» **Task requirements**
Only the lines from the beginning of the data through the one with "Reloj Redondo Mediano" belong in the answer, each retyped exactly, with pictures left out.

### Record excerpts ###

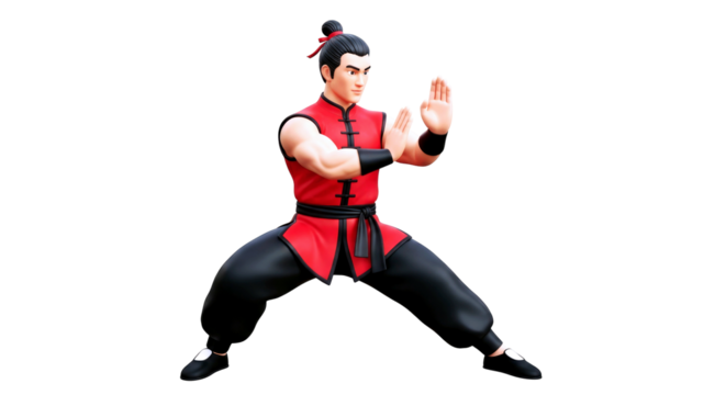 3d cartoon kung fu master focused energy, powerful pose, martial arts skill, isolated on transparent background
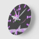 Reloj Redondo Mediano Bonito elegante morado flor negro fondo
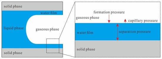 Pore water forms a water film on the pore surface, which is usually from a few nanometers to tens of nanometers in thickness. The thickness of the pore water film is related to factors such as porosity and rock particles [46]. The calculation of water film thickness in pores involves concepts such as capillary pressure, formation pressure, and separation pressure (Figure 7). The water film thickness decreases with the increase in formation pressure, showing a negative correlation trend. This is because the increase in formation pressure will compress the water molecules in the pores, making their distribution more dense, thus reducing the thickness of the water film [47]. The water film thickness presents a nonlinear trend with the increase in formation pressure, that is, the change rate of water film thickness gradually slows down. This is because when the formation pressure is small, the water molecules in the pores are subjected to relatively small compression, and the water film thickness changes rapidly. However, with the increase in formation pressure, the water molecules in the pores are gradually saturated by compression, and the change rate of water film thickness gradually slows down.
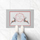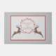 Modern and festive holiday themed doormat features pair of reindeer with hand drawn Peace on Earth red leaf wreath on grey background
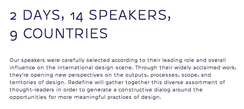 Redefine is a design conference which takes place in Budapest in early October 2014. The website uses the yet unreleased Westeinde by Adam Katyi (Hungarumlaut). This typeface started life as Adam’s Type and Media graduation project at the Royal Academy of Art in The Hague. Westeinde is special in that it is one of the very few sans serifs that come in optical sizes. For the Redefine Conference website, Viktor Suszter chose Westeinde Caption in two weights, paired with Teimer Semibold.
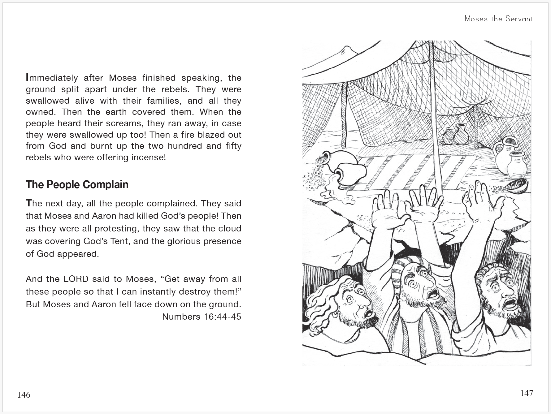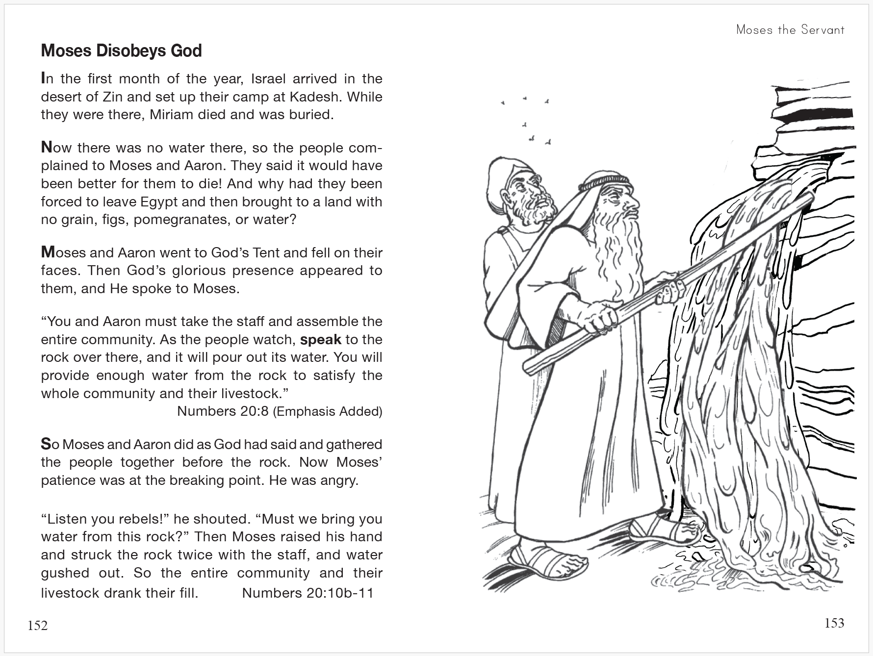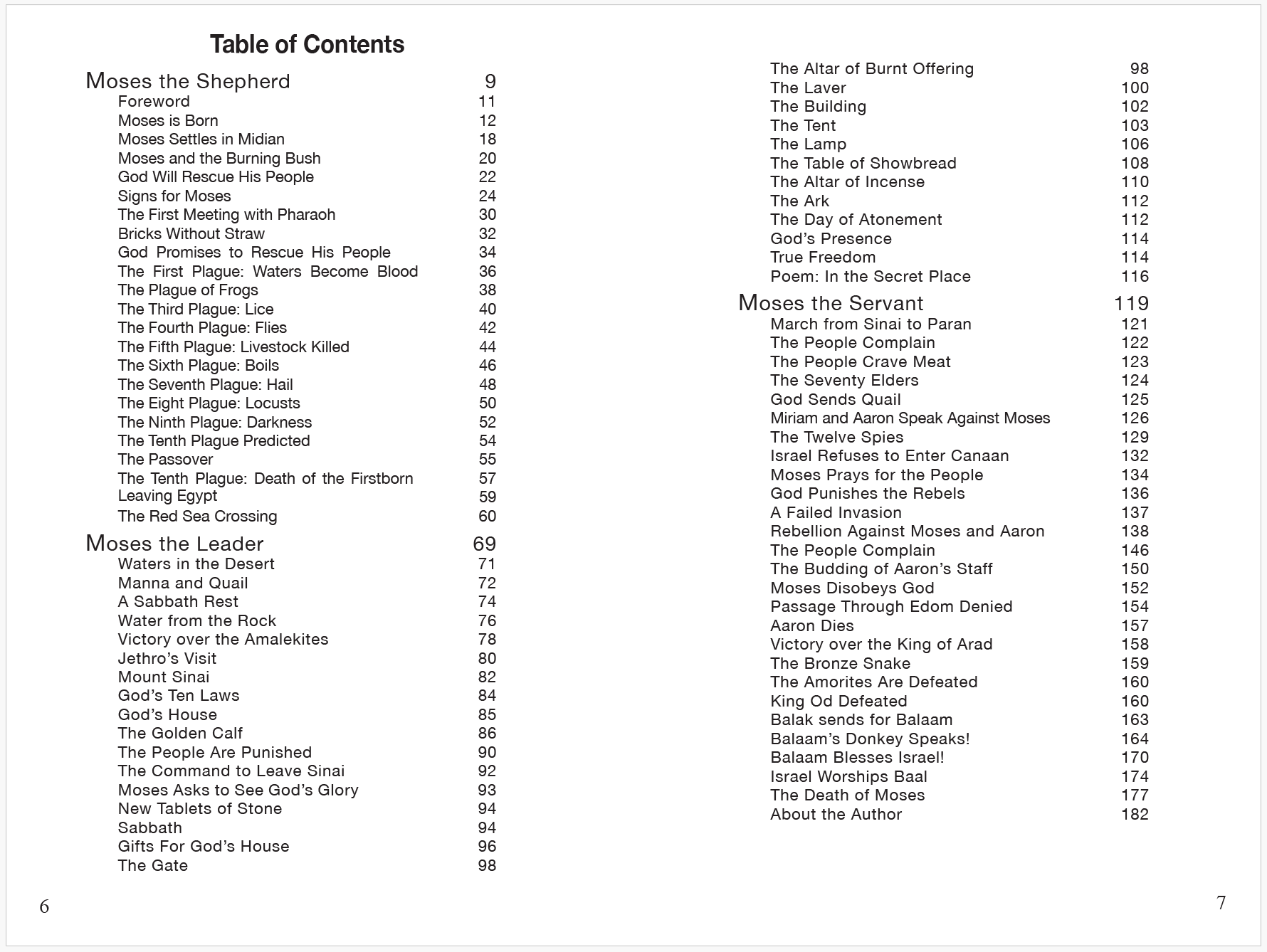 In the Moses, the Servant section, Aaron and Moses face the challenge of leading the complaining and rebellious Israelites on their journey to the Promised Land. This last section gives the story of the twelve spies, of the refusal to enter the Promised Land, of Korah's rebellion and punishment, of Aaron's budding rod, of the battles against kings, of Balaam whose donkey speaks to him, and more, all the way to Moses looking over the Promised Land before his death.
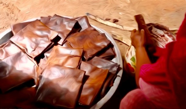 Above, pouches of freshly made hilu murr gleam like burnished leather on a kitchen tray. Title sketch, spreading wafer-thin layers of hilu murr batter on a hot griddle. Hilu murr flakes, literally “bitter-sweet/ sweet and sour”, are dissolved in water as a refreshing fast-breaking drink during the holy month of Ramadan. Its peppery, spice-laden tanginess envelopes much needed and easily digestible sugars and other nutrients.
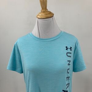 Under Armour Loose Tee Womens M Medium Blue Heatgear Short Sleeve Logo Shirt

###

» **Reply**
 3d cartoon kung fu master focused energy, powerful pose, martial arts skill, isolated on transparent background
 Reloj Redondo Mediano Bonito elegante morado flor negro fondo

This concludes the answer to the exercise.